Since the premise of the question is false, the question itself is spurious: the masses never held such a belief. That they did is a pseudo-historical construct (reflected in books such as Mir'at al-Haramayn) that aims to justify one of the programs of re-formation of Islam. That program is still going on at the hands of well-known innovators posing as traditionists.
Hajj Gibril
Source: Hanafi Fiqh List - www.sunnipath.com
__________________________________________________ ___________________
Answered by Shaykh Gibril Haddad
Question:
1) What was the purpose of having four different mihrabs in the Haram until 1917 when the Wahabbis / Salafis destroyed them?
__________________________________________________ ___________________
Wa `alaykum as-Salam:
Each mihrab was not only for Salat but also indicated the circle of learning of one of the four Sunni Schools taught in the Haram as per the many old illustrations and photographs of the Haram showing the structures housing the teaching circles to that effect.
2) When were they first erected
I expect temporary structures were in place as early as the time when the Tabi`in would gather around the learned Companions and others that were making pilgrimage or were teaching there on a regular basis at that time. Perhaps even before these structures crystallized as the symbols and Mekkan locations of the Four Schools centuries later, Mihrabs must have been erected for the Fuqaha' that taught there to be able to lead the prayer from their spot and not at all necessarily as a divisive measure--unlike what the critics of the Madhahib love to claim.
3) What was the evidence (deduced from a primary text, statement/action of the companions, Tabi'in, or Taba at Tabi'in) for doing so?
The same as the evidence for having tens or hundreds of Islamic Schools under a single roof, namely, the various teaching masters around whom gathered generations of Muslims to learn their Religion in all the great mosques of the world including the Umawi in Damascus, which still has several mihrabs to this day.
4) If there was no evidence from the sources listed in question number 3 but instead the approval of the Ulema, alone, for hundreds of years of the practice is cited as the evidence for its permissibility/desirability, then the next question that comes to mind is, Did the Ulema agree the permissibility of erecting four mihrabs before/during their erection? Or were they erected and then the Ulema stayed silent on the issue and this silence was deemed as being approval?

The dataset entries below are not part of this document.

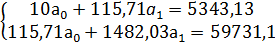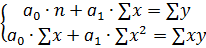 методом наименьших квадратов, то есть решим следующую систему уравнений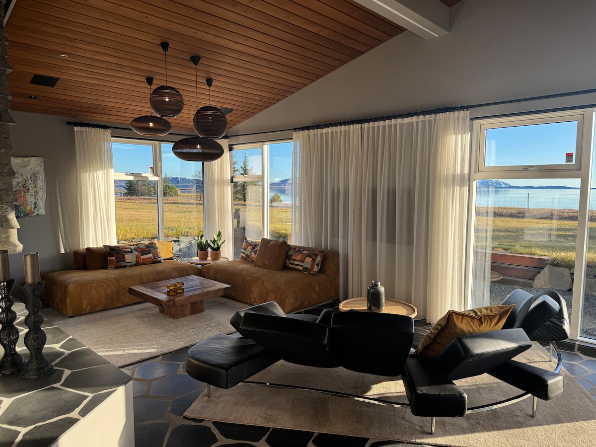 A peaceful and elegant cottage by Lake Þingvallavatn with a hot tub and stunning views, the perfect place to relax, enjoy nature and recharge your batteries. The cottage offers a warm and comfortable space with stunning views of the lake and surrounding mountains. 2 bedrooms with comfortable beds, a guest house and a sleeping loft Fully equipped kitchen and cozy living room with fireplace Large terrace with dining and barbecue facilities Hot tub and stunning views of Lake Þingvallavatn
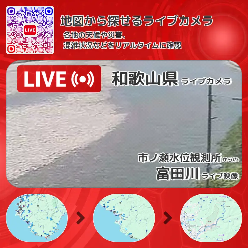 和歌山県 「富田川」ライブ映像(市ノ瀬水位観測所 設置カメラ) ライブカメラ 監視カメラ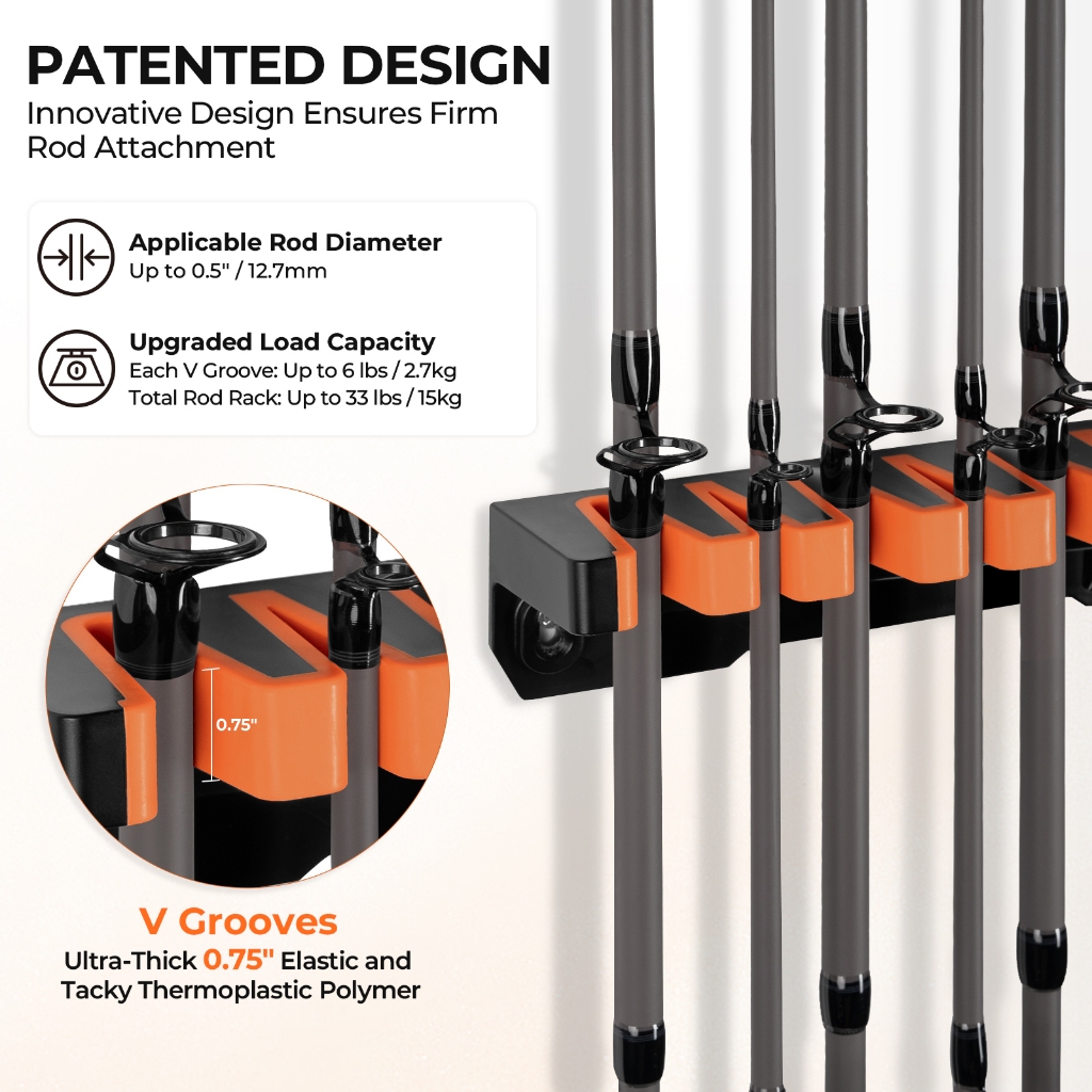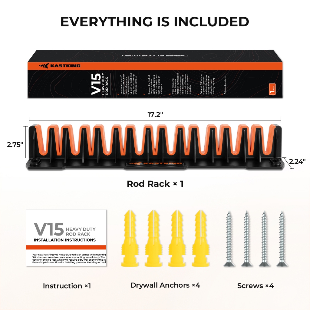 KastKing Patented V15 Vertical Fishing Rod Holder-Wall Mounted Fishing Rod Rack, Store 15 Rods or Fishing Rod Combos in 18 Inch.
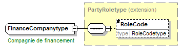 | source | <xsd:complexType name="FinanceCompanytype"> <xsd:annotation> <xsd:appinfo source="tb2Semantics">Company that lends money for hire-purchase transactions.</xsd:appinfo> <xsd:appinfo source="tb2Edifact">(PTY+016)</xsd:appinfo> <xsd:documentation source="BusinessTerm" xml:lang="fr">Compagnie de financement</xsd:documentation> <xsd:documentation source="BusinessTerm" xml:lang="nl">Financieringsmaatschappij</xsd:documentation> <xsd:documentation source="BusinessTerm" xml:lang="ge">Finanzierungsgesellschaft</xsd:documentation> <xsd:documentation source="BusinessTerm" xml:lang="en">Financing company</xsd:documentation> <xsd:documentation source="BusinessDefinition" xml:lang="fr">Identifie un intervenant.</xsd:documentation> <xsd:documentation source="BusinessDefinition" xml:lang="nl">Identificeert een betrokkene.</xsd:documentation> <xsd:documentation source="BusinessDefinition" xml:lang="en">Party</xsd:documentation> </xsd:annotation> <xsd:complexContent> <xsd:extension base="PartyRoletype"/> </xsd:complexContent> </xsd:complexType> |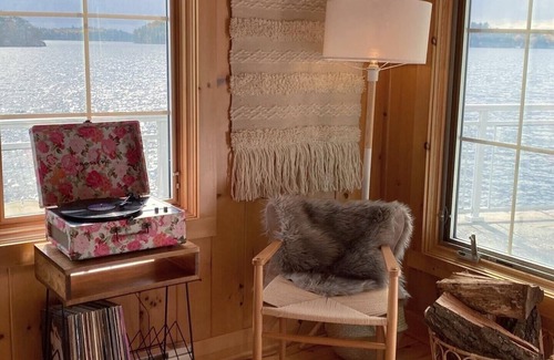 This super private island cabin is perfect for a couple or family of 4 looking for a secluded get away. *FYI boat access only: renters are required to have access to a boat, and a boat does not come with the rental. The cabin has a queen sized bed and is open concept with 2 open lofts with 2 double beds on each side (for a total of 4 double beds). The main room has a sitting area and a small basic kitchen (cooktop, countertop oven, fridge, sink and microwave), and a 3 piece bathroom. The cabin is equipped with WIFi , Sonos heat and air conditioning, as well as Smart TV with cable. Outside the flagstone deck has a dining set with umbrella, muskoka chairs, a BBQ and a firepit. The one slip boathouse is steps away and has a washer/dryer and an additional fridge/freezer. There are 2 kayaks and 2 SUPs included in the rental. Because this is an island property, renters are required to rent their own boats.

There is nothing to having many mihrabs erected in a single mosque. Unity is completely irrelevant to such external structures but is a matter of hearts and minds, as witnessed to by the disunity of the Muslims today despite their praying behind a single mihrab in Makka or Madina.
5) Are there any Ulema who follow traditional Sunni Methodology (i.e. follow one of the four, authentic, surviving madhabs and who espouse either Maturidi or Ashari aqeedah) who would like to see the four Mihrabs return to the Haram? If so, Why? If no, then Why not?
As in the replies to the first three questions those mihrabs signified the Schools of Islam and its wealth of learning and teaching, which those that destroyed the mihrabs aimed to destroy and still do. It is that heritage we are defending, not its superstructures which are meaningless unless their raison d'etre is recovered and protected.
6) Do you, or any Ulema, think that the presence of four mihrabs, each designated for a different madhab, contributed in some way to the establishment of the belief in the minds of the masses (not the scholars) that it was not permissible to pray behind an Imam from a madhab other than their own?
Since the premise of the question is false, the question itself is spurious: the masses never held such a belief. That they did is a pseudo-historical construct (reflected in books such as Mir'at al-Haramayn) that aims to justify one of the programs of re-formation of Islam. That program is still going on at the hands of well-known innovators posing as traditionists.